Moreover, Dealer Manager agrees to indemnify the Company and the directors, officers and
agents of the Company against any liability, damage, cost, loss or expense to any of them
arising out of its failure to so offer the Notes;

          (b)  Immediately prior to making any offer of any Note to any offeree, Dealer
Manager shall have reasonable grounds to believe and shall believe that the offeree is a
person who is able to bear the economic risk of the investment and who otherwise meets the
applicable suitability standards set forth in the Prospectus and the subscription documents in
the form prescribed by the Company;

          (c)  Dealer Manager will deliver to each offeree, prior to any submission by
him of a written subscription to buy any Note, a copy of the Prospectus, together with any
supplements or amendments thereto, and will keep records of to whom, by what manner, and
on what date Dealer Manager delivered each such copy;

          (d)  Dealer Manager will not offer the Notes by means of any letter, circular,
notice or written communication other than the Prospectus, and other written communications
expressly approved in writing by the Company;

          (e)  Dealer Manager will make reasonable inquiry to determine whether a
prospective purchaser is acquiring the Notes for his own account or on behalf of other
persons;

          (f)  Dealer Manager will abide by, and take reasonable precautions to ensure
that others comply with all provisions contained in this Agreement or Prospectus regulating
the terms and manner of offering the Notes;

          (g)  Dealer Manager will take other action or refrain from taking action in
accordance with the reasonable requests of the Company, in order to comply with all
applicable laws, including, among other things, requiring offerees and purchasers to execute
and deliver such documents and instruments as the Company may require;

          (h)  All funds will immediately be placed in an escrow account to be
maintained by the Company pursuant to an Escrow Agreement with Republic National Bank
of New York, New York.  Upon the closing or other termination of the Offering, the
proceeds therefrom shall be distributed to the Company or returned to subscribers as
provided in such Escrow Agreement;

          (i)  It is understood that the acceptance of subscriptions for Notes is in the sole
discretion of the Company.  In the event subscriptions acceptable to the Company with
respect to all of the Notes are not received prior to the Termination Date, this Agreement
shall terminate and all funds shall be returned to subscribers.  In such event, neither party
shall have any liability to the other; and

          (j)  The Notes shall be offered only in such states in which the Dealer
Manager has been advised by the Company that the offer and sale of Notes has been
approved.  Dealer Manager shall advise the Company in advance and in writing of the states
in which it desires to offer the Notes, and shall conduct the Offering in any such state only
after the Company, upon consultation with legal counsel, has had an opportunity to review
the applicable securities laws of such state and to effect any required filings.  

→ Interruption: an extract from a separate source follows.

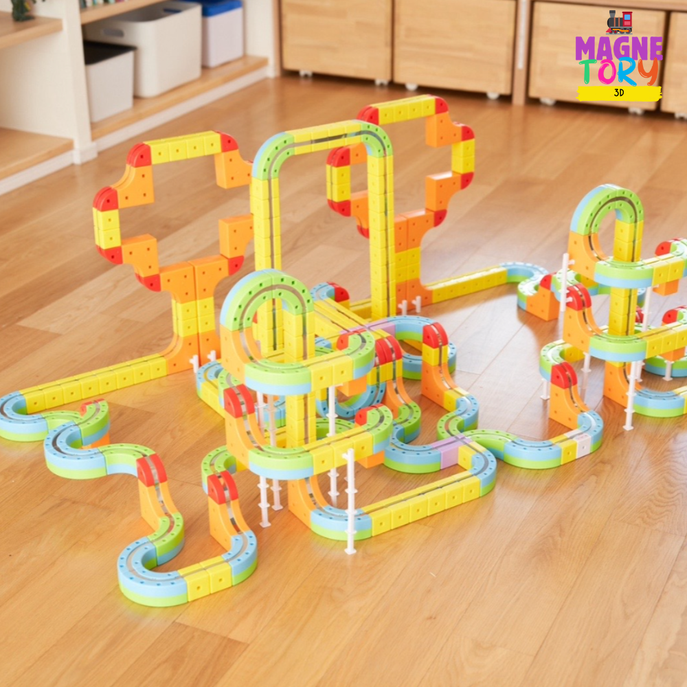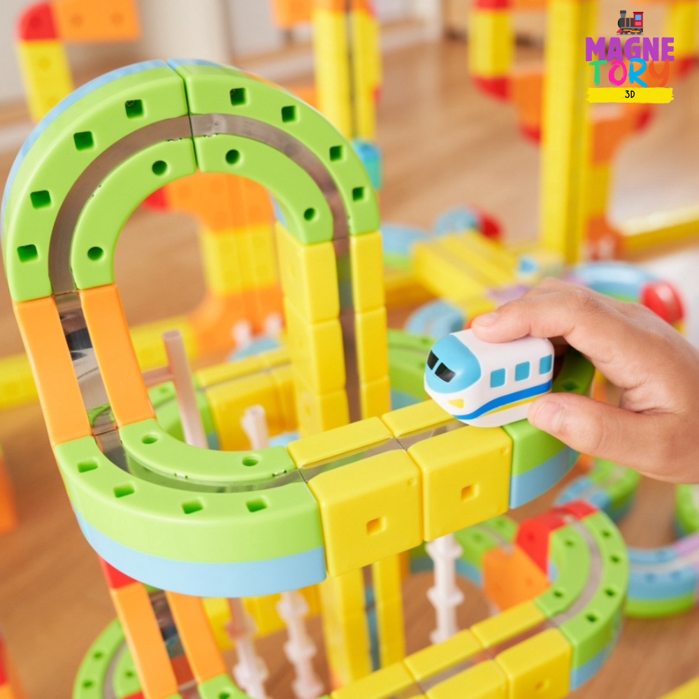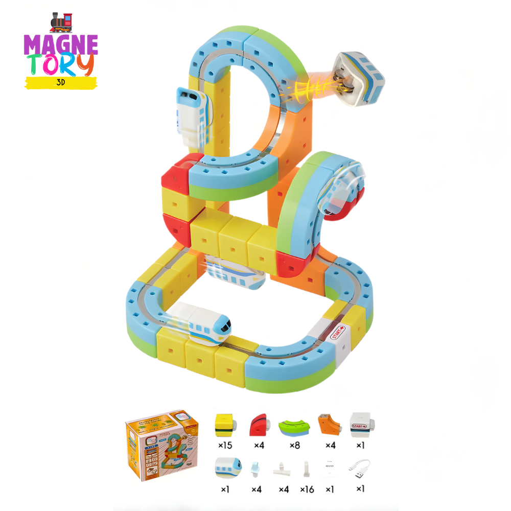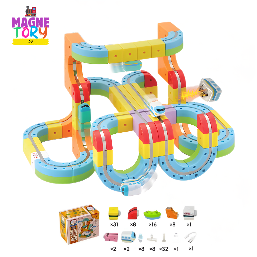 Twoje dziecko z łatwością stworzy własny tor magnetyczny — bez skomplikowanych instrukcji, śrubek czy narzędzi.

          5.  Further Agreements of the Company.  The Company covenants and
agrees with the Dealer Manager as follows:

          (a)  If at any time any event shall occur as a result of which it becomes
necessary to supplement the Prospectus so that it does not include any untrue statement of
any material fact or omit to state any material fact necessary in order to make the statements
made not misleading, the Company will promptly notify Dealer Manager in writing and will
promptly supply it with amendments or supplements correcting such statement or omission;
    

          (b)  The Company will make such filings with the Securities and Exchange
Commission and state and other governmental agencies as may be necessary to comply with
the registration requirements of the 1933 Act and of the securities laws of any state or other
jurisdiction in which the Notes may be offered, provided that the Company shall not be
required in any event to register as a broker/dealer in any jurisdiction; and

          (c)  The Company will pay all expenses in connection with the preparation and
duplication of the Prospectus and any amendments or supplements thereto, legal fees related
thereto, and all other fees and expenses of the offering of the Notes except wages, salaries
and commissions of the Dealer Manager's employees engaged in the Offering and related
administrative and overhead costs.

          6.  Compensation.

          (a)  Subject to adjustment as provided in section 1(c) hereof, in consideration
of Dealer Manager's services as the Company's agent hereunder, the Company hereby agrees
to compensate the Dealer Manager as set forth in section 6(b) below.  All sales commissions
and other compensation shall be payable in full upon acceptance by the Company of
subscriptions for Notes and release of subscription proceeds from escrow.  The Dealer
Manager shall be entitled to no compensation with respect to subscriptions rejected by the
Company or if the Company terminates the Offering and refunds subscription payments to
investors.

          (b)  The Dealer Manager shall be entitled to (i) sales commissions of 7% of
the gross proceeds from the sale of each Note; (ii) 1% of the gross proceeds of the sale of
each Note as a due diligence and investor services fee; and (iii) .50% of the gross proceeds
of the sale of each Note as a Dealer Manager fee.  Fees will only be payable upon receipt by
the Company of the full price for Notes sold in accordance with the Prospectus.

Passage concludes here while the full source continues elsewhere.